Break My Bones

‘Sticks and Stones’, that’s what you say —
Emotional pain is nothing
To the Bully, the Liar, the Friend who’s become wolves’ clothing.
The person I didn’t know you’d be.

But you don’t know what I feel
Because it’s inside me.
And these walls between who we are
And what the world expects
Are hard to break down, even for
The wolf in friend’s clothing, the person you trust.
Still, I let them fall.
Just for a moment.

I let myself fall.

The sneers and the fear,
I opened myself up to every last bit of it.
I stood there in front of you, bleeding and broken
As I had been since the day I’d realised
That love was a four-letter-word
When you asked for acceptance.

I stood there in front of you
Honest as I’d never truly been
And you laughed.

I cried.

But not on the outside; no
I’d already made that mistake once.
I cried on the inside and my heart became petrified.
I shut myself up behind those walls,
Those walls that had felt so suffocating before
And were now all that kept me safe.

But it was too late; you’d seen behind
These walls, and you knew me.
Or you thought you did –You were clever enough to see the tears, at least, and you said,
‘Sticks and Stones.’

‘Sticks and Stones’, as if that changed my life,
As if you really meant an olive branch and my heart.
‘Sticks and Stones’? How about
Hatred? How about hatred of yourself,
Fear of yourself — lack of a self to hate or fear
Because you’ve hidden it behind so many walls
That even you can’t find it?
That you don’t even want to find it?

If I told you what you’d done,
Would you still laugh?
Would you look at my walls differently?
Or would you laugh and say ‘Sticks and Stones’?

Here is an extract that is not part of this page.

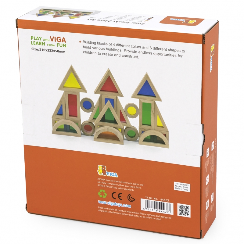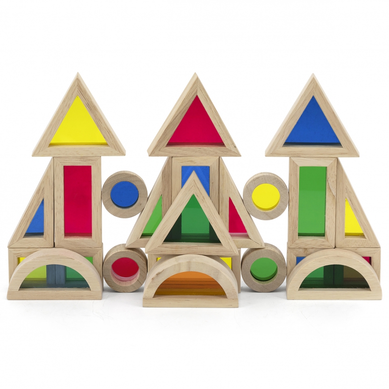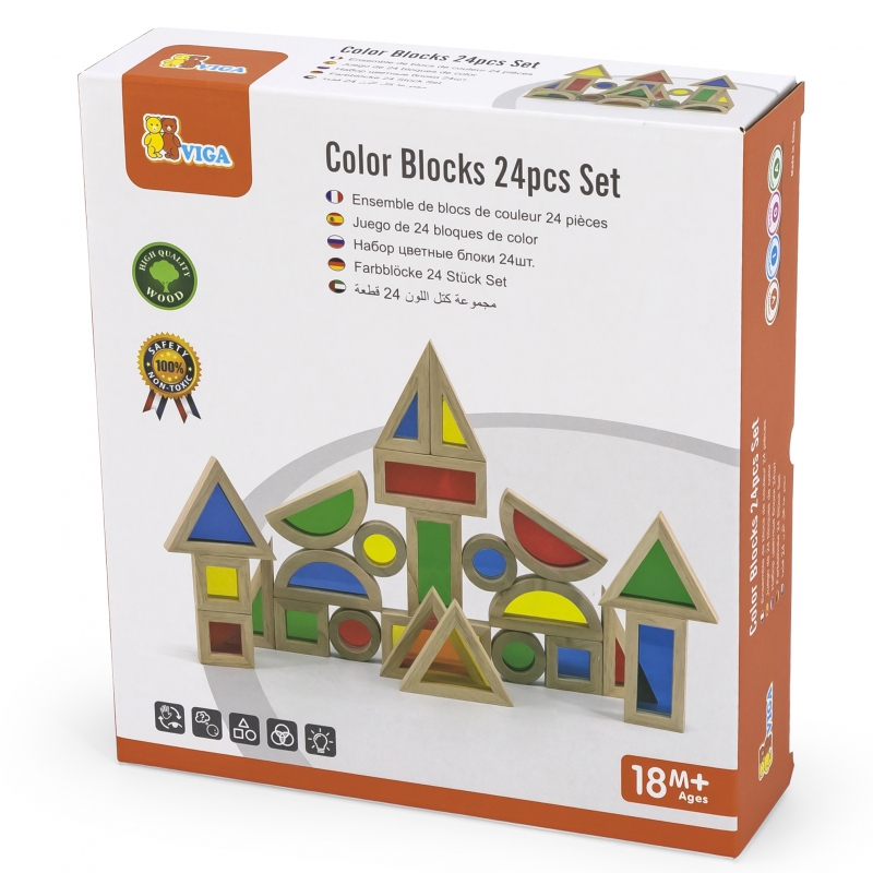- - zestaw składa się z 24 drewnianych dwustronnych klocków z kolorowymi szkiełkami

If I was brave enough, I’d explain it to you,
Break down the walls with a hammer of my own self-confidence,
Throw the remnants at you and see how you liked
Your ‘Sticks and Stones’.
But I’m not brave enough.
Because of you.

One day, I won’t need sticks or stones
To make you see your mistake.
One day, I’ll just need my smile
And a glance that says ‘Do I know you?’

Until then, I suppose you’ll just keep breaking my bones.